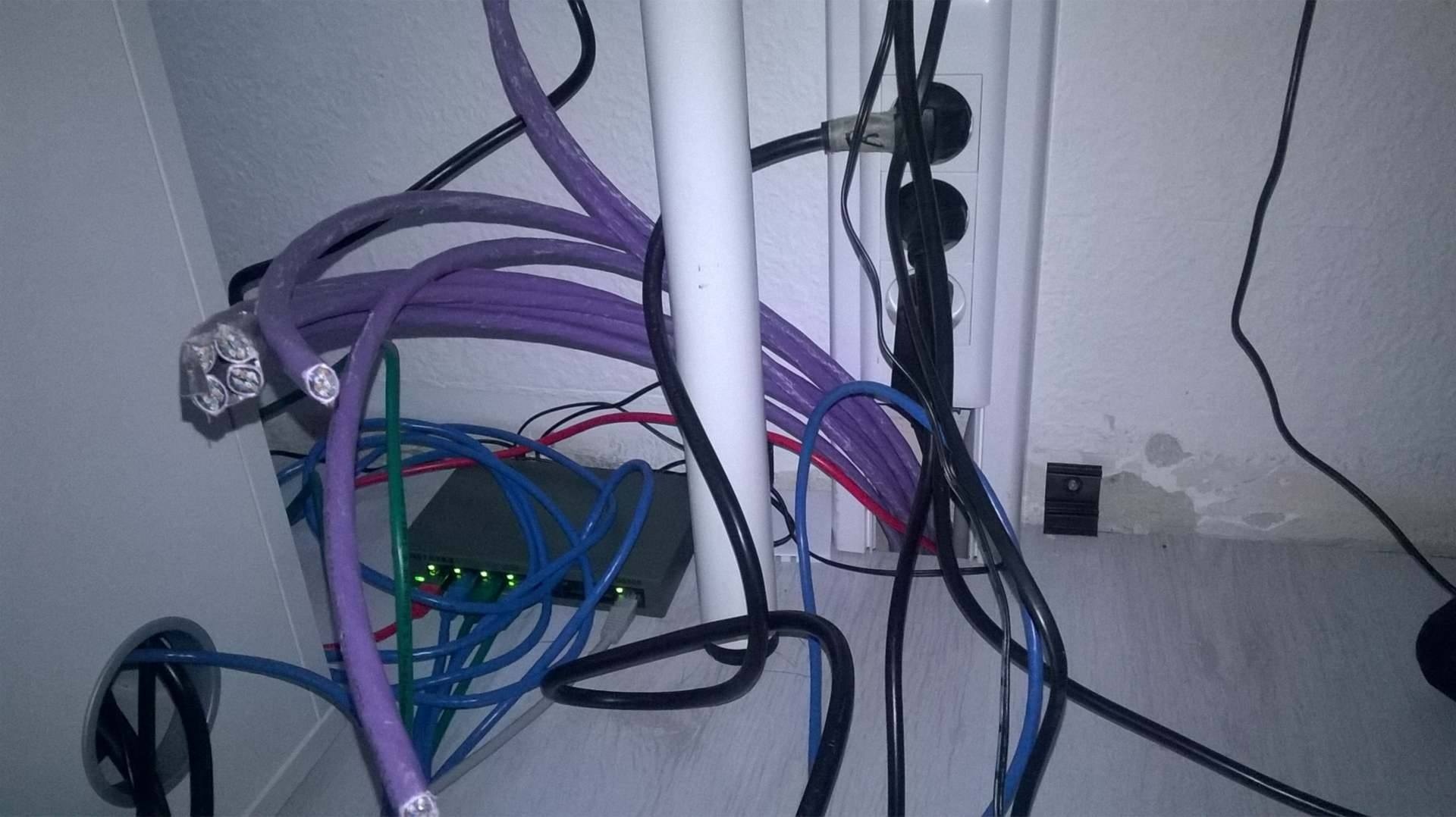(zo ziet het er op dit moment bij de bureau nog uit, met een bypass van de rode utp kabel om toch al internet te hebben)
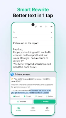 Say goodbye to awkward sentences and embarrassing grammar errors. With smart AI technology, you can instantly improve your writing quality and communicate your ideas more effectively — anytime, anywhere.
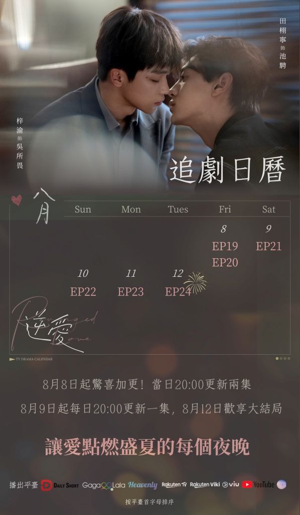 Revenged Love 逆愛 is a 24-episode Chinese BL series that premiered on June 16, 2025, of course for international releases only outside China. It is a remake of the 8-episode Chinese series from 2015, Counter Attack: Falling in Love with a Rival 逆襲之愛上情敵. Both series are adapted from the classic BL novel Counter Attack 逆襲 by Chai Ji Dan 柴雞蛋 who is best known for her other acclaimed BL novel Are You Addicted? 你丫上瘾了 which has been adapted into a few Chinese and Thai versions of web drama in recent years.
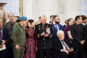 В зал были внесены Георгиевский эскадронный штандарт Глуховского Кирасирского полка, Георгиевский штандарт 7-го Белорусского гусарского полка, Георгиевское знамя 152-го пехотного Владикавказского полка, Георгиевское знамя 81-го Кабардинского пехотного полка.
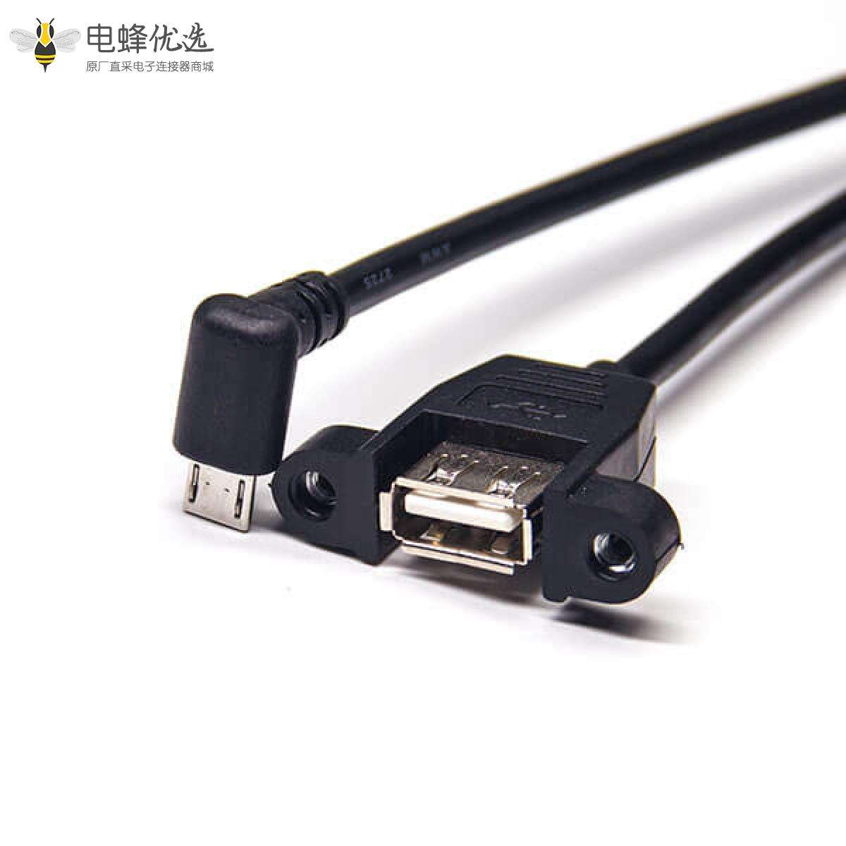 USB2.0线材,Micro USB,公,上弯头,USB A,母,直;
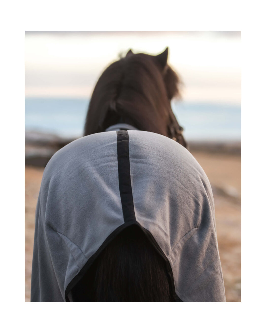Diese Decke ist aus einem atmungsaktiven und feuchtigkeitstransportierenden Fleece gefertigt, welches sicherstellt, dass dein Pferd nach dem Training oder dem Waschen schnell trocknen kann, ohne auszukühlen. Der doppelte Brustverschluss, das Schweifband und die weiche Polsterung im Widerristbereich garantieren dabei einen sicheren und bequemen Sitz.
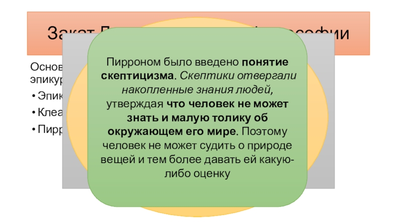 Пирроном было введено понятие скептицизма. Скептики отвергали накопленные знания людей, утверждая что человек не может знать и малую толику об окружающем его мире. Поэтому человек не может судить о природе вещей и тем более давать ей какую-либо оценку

____

— What you will do —
Retype each line of the data exactly, beginning with the first; include the line containing "Say goodbye to" and stop there, skipping every picture.

— Solution for this task —
(zo ziet het er op dit moment bij de bureau nog uit, met een bypass van de rode utp kabel om toch al internet te hebben)
 Say goodbye to awkward sentences and embarrassing grammar errors. With smart AI technology, you can instantly improve your writing quality and communicate your ideas more effectively — anytime, anywhere.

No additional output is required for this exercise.